Tuesday, April 5, 2016

Food, stop lying to me.

Dear food,

I appreciate you, I really do.  I know I can’t live without you.  I know you have a purpose in my life and I acknowledge you feed every pulse in my body, that without you I wouldn’t grow and heal and survive.  Thank you.  I live a very comfortable life and have you in excess.  You influence is everywhere.  Problem is, you’ve over stepped your bounds.

I let it happen.  I invited you in when I was lonely and you definitely filled the void.  For much of my life I’ve had a great need to have you near.  You’ve satisfied the artist in me, the bored child in me and the irrational starving girl.  Your beauty, in all your textures, smells and colors, mesmerized me.  Truly, you satisfy like nothing else.

You’ve been the life of my party for decades.  You throw the best parties, even when no one else is there but you and me.  Without saying a word, you speak of desire, passion and hunger.  You are more powerful then I realized, making me realize you may not be the best influence in my life.

The problem is you’re a control freak.  You want to be present in every aspect of my life and although I appreciate you, I really do, I need to take a step back.  You’re the nagging know-it-all who thinks you have all the answers.  Once you came over, you never left and you’ve been grazing uncontrollably in my life ever since  You beautiful in small quantities, but the way you insist on getting bigger and bigger is unhealthy and quite honestly, rude.  

More people then I can count go without you and they suffer.  Why don’t you go spend some time with them?  I’m not the only person on the planet, you know.  So many other people need you more then I do.

Food, please go back to your roots.  Remember where you came from.  You were born out of necessity from the rich soils of the earth.  You feed animals, plants and little biddy insects.  Organically, you are at your best. Covered in preservatives and hormones, you’ve become the equivalent to an aging super-model who’s had too much plastic surgery.  You’re beautiful as you are; pure and nutritious.  I don’t need you to change to appeal to me. 

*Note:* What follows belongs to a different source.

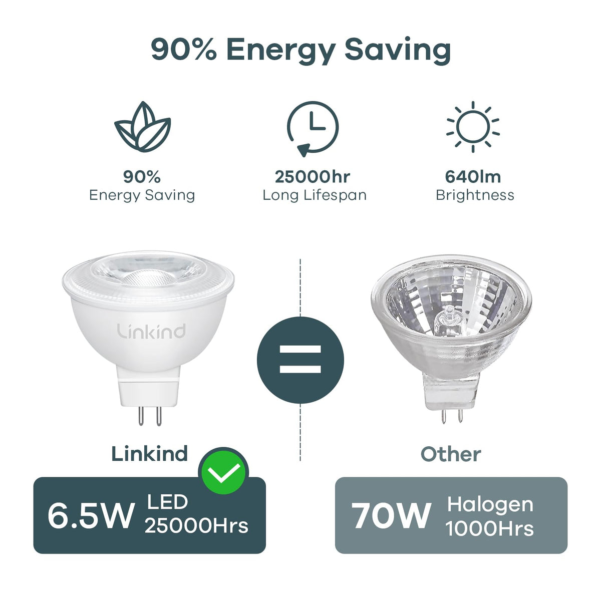 Q: What is the wattage and brightness of the Linkind MR16 LED bulb?A: The Linkind MR16 LED bulb has a power consumption of 6.5W, which is equivalent to a traditional 70W halogen bulb, providing a brightness of 640 lumens.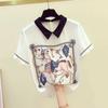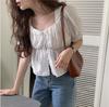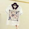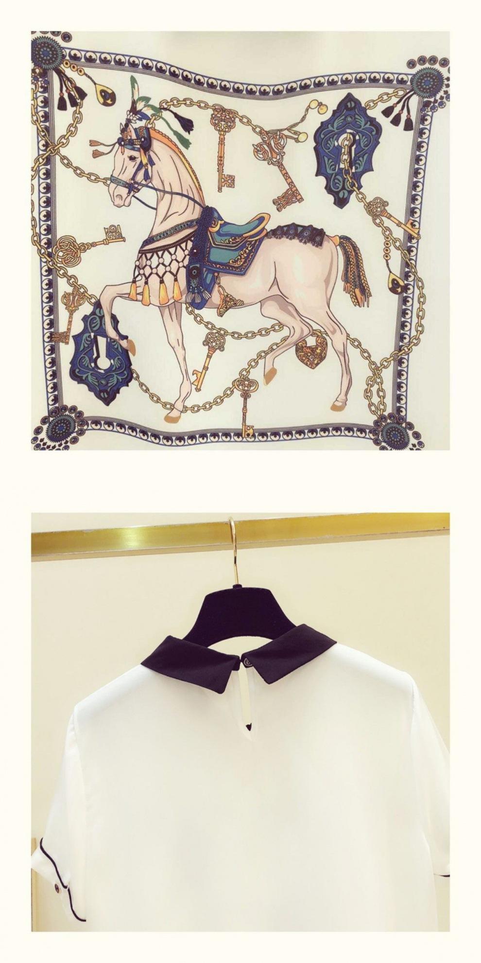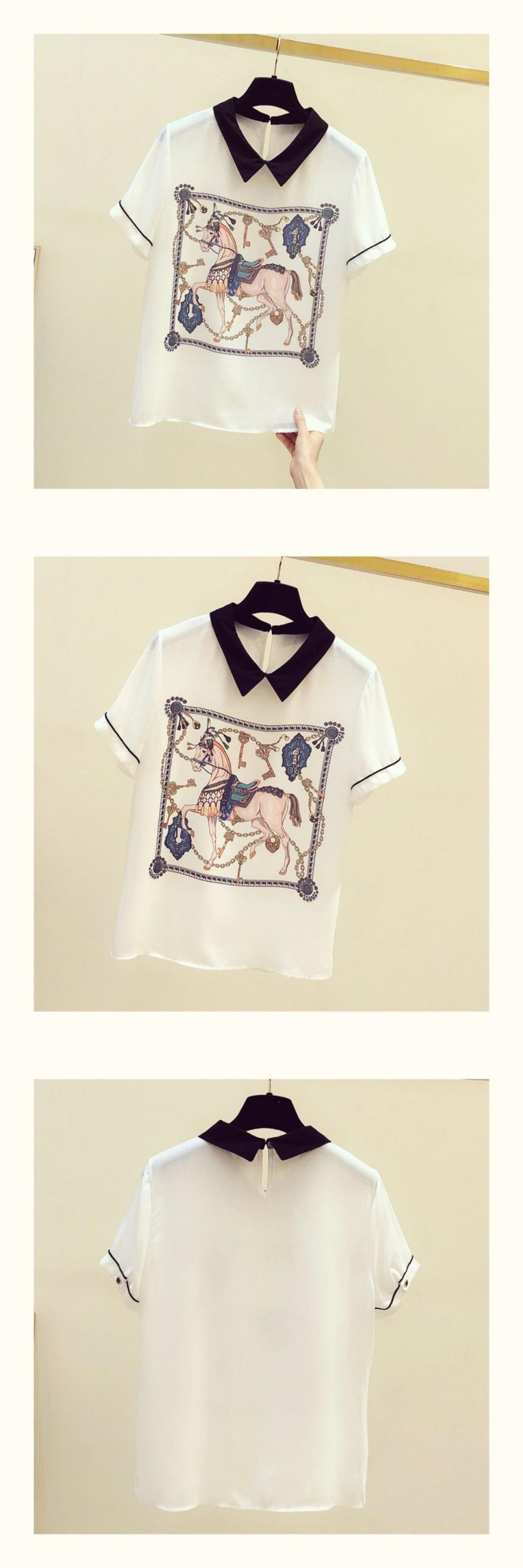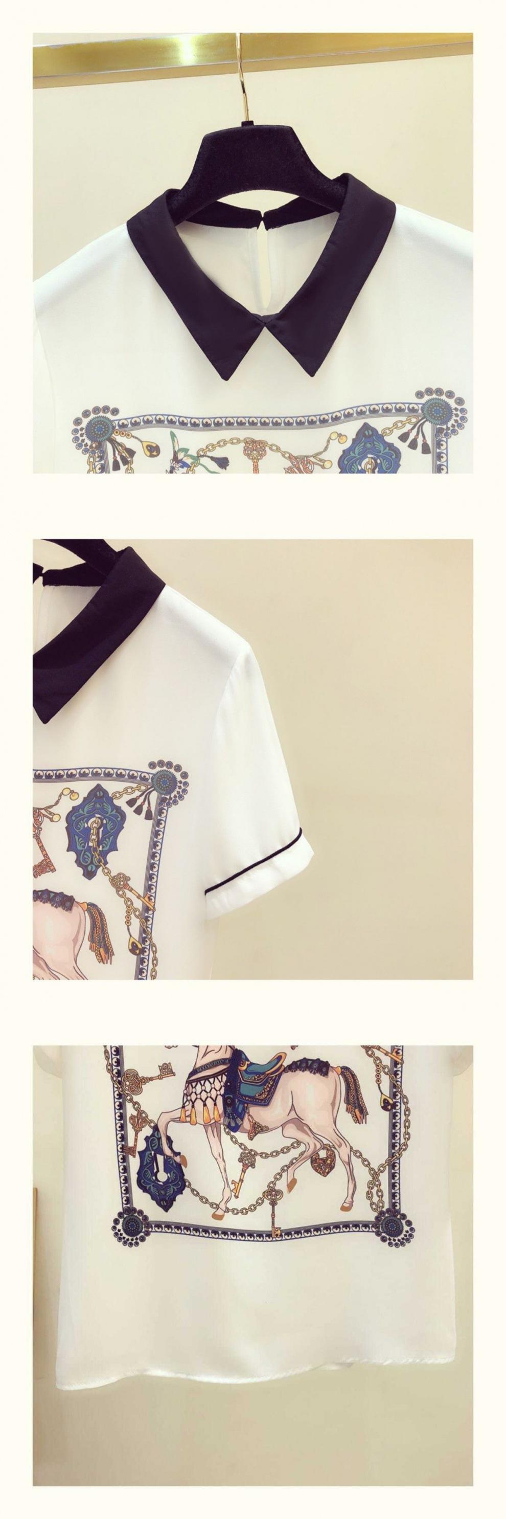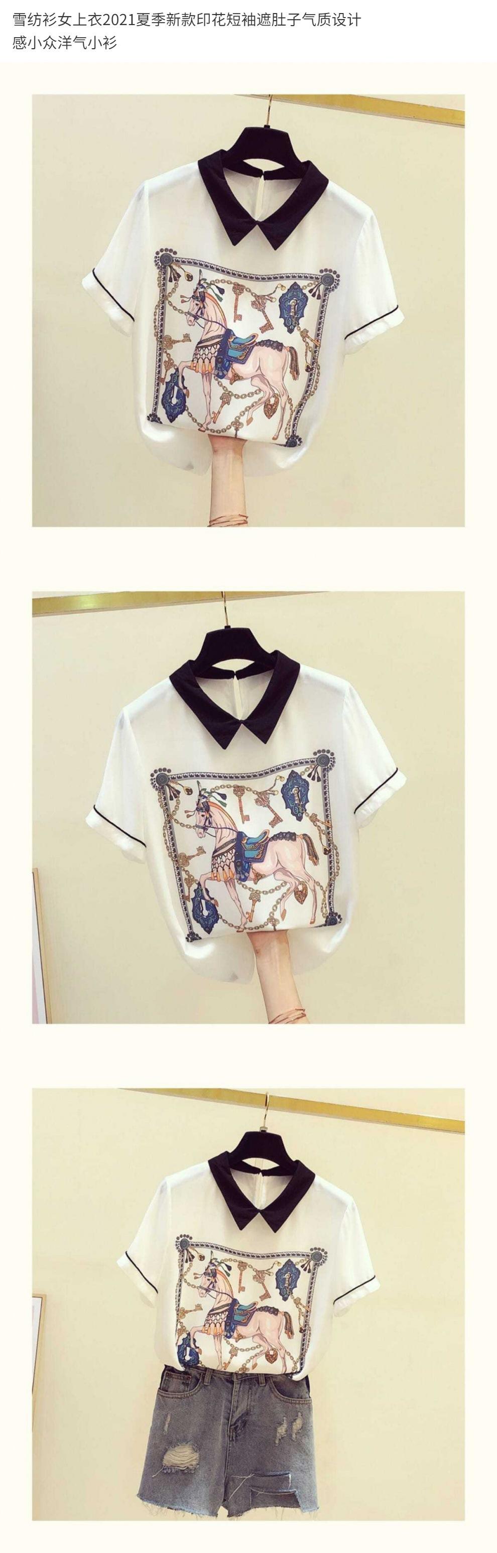 Camisa de gasa para mujer, top de verano 2024, nuevo estilo, estampado de manga corta, que cubre el vientre, diseño elegante, estilo occidental.

Stop lying to me.  I trust you, especially when I’m hungry.  Stop trying to sell yourself as a single-serving size when you’re not.  Please stop asking me if I want you super-sized.  Your constant badgering sets me up for failure.  If you’d stop screaming for even a single second, I’d be able to hear my own guttural survival instincts.  Stop shouting you’re sugar-free when what you really are is full of aspartame, solidified corn syrup or some other unpronounceable concoction.  If you can’t read your own ingredients, do not try to pass yourself off as food. 

It’s one thing to take advantage of me, but now that you have my kid’s attention I’m ticked. 
Stop singing to them, appealing to them through sprinkles, Disney characters and pop-culture.  Your tactics are sick and I see right through your money-hungry paws.  You're brainwashing them into believing eating the worst of you is better then eating the best of you.  Get your greedy hands away from my kids.

There are so many things I love about you, but no longer can you control me.  It’s just not healthy.  I don't need you like I once did.  I have so many beautiful things in my life. I no longer need you to find purpose.  I will invite you in when necessary.  When you are good and whole, you have a place at my table, otherwise, go away and don’t come back.  I don’t need to pay for your dysfunctional habits anymore.

Sincerely,

Laura Lofgreen

P.S.
Do not think you can sneak up on me and sweet talk your way back into my life.  I have a grapefruit tree and I’m not afraid to use it.

P.S.S
I'm disgusted your influence kept me swollen and fat.  90-days of intermittent fasting and I have the privilege of putting my wedding ring back on again.  Nothing tastes as good as that.